The majority of the production is concentrated in western Nebraska, centered in Scotts Bluff, Box Butte and Morrill counties of the Panhandle. Scotts Bluff County is the seventh-largest bean-producing county in the U.S.
This area's semi-arid climate, with warm days and cool nights, provides excellent growing conditions for dry edible beans. For these same reasons, the bulk of the sugar beet production in the state is focused in the Panhandle.
Nebraska has grown great northern beans for almost 100 years. Their initial cultivation can be traced back to a Morrill farmer named Chester Brown. After a visit to Idaho in 1923, he purchased and brought back great northern beans to the North Platte Valley.
Brown planted 10 acres on his farm, thinking that with a similar climate, elevation and other growing conditions, producing dry beans in western Nebraska could be as successful as in Idaho. His success in this endeavor then encouraged others in the area to try them as well — and the dry-edible-bean industry was born in Nebraska.
These modest beginnings served as a catalyst specifically for great northern production in Nebraska, and the cultivation and marketing of this market class expanded continually throughout the 20th century, with the state becoming the world leader in great northern production.

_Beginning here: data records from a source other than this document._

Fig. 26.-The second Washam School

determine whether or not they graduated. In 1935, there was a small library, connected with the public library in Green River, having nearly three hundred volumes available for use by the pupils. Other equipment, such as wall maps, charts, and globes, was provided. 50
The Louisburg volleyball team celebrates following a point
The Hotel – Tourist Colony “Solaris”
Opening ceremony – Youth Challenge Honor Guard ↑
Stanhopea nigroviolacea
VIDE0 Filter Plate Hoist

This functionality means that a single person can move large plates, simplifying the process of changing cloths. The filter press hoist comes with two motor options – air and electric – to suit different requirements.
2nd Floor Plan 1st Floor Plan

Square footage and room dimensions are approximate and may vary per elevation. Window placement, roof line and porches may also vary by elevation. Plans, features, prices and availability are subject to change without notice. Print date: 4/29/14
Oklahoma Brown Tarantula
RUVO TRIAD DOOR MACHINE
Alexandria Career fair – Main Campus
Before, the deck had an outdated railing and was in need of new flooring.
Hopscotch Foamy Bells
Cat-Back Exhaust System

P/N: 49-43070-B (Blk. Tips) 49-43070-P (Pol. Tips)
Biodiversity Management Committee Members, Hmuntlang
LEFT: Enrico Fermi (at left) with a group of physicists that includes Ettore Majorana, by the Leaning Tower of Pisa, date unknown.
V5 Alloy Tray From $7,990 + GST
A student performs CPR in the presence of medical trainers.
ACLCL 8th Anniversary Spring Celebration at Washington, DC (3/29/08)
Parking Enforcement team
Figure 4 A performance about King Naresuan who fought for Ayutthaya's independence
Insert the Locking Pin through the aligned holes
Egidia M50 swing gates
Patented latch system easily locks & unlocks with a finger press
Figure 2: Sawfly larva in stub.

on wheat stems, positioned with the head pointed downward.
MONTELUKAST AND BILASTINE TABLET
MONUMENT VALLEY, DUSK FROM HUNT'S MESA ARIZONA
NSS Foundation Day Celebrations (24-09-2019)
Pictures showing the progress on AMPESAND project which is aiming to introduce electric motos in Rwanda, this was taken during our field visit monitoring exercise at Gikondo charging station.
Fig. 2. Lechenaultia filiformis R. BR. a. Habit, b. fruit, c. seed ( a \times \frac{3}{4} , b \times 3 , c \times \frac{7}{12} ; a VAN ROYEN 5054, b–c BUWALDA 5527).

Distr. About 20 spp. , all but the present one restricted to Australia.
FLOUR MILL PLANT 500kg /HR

Many long-time residents of western Nebraska are likely familiar with this story about Chester Brown and the introduction of great northern beans into Nebraska. However, the provenance of this market class is probably not as well known.
According to Leland W. Hudson (Regional Plant Introduction Station, Washington State University), the 52nd annual seed catalog in 1935 of the Oscar W. Will and Company in Bismarck, N.D., reported that the seed of the great northern bean was originally obtained by Oscar H. Will in 1887 from Son of Star, a Hidatsa Native American whose tribe had grown it for many years prior to that time.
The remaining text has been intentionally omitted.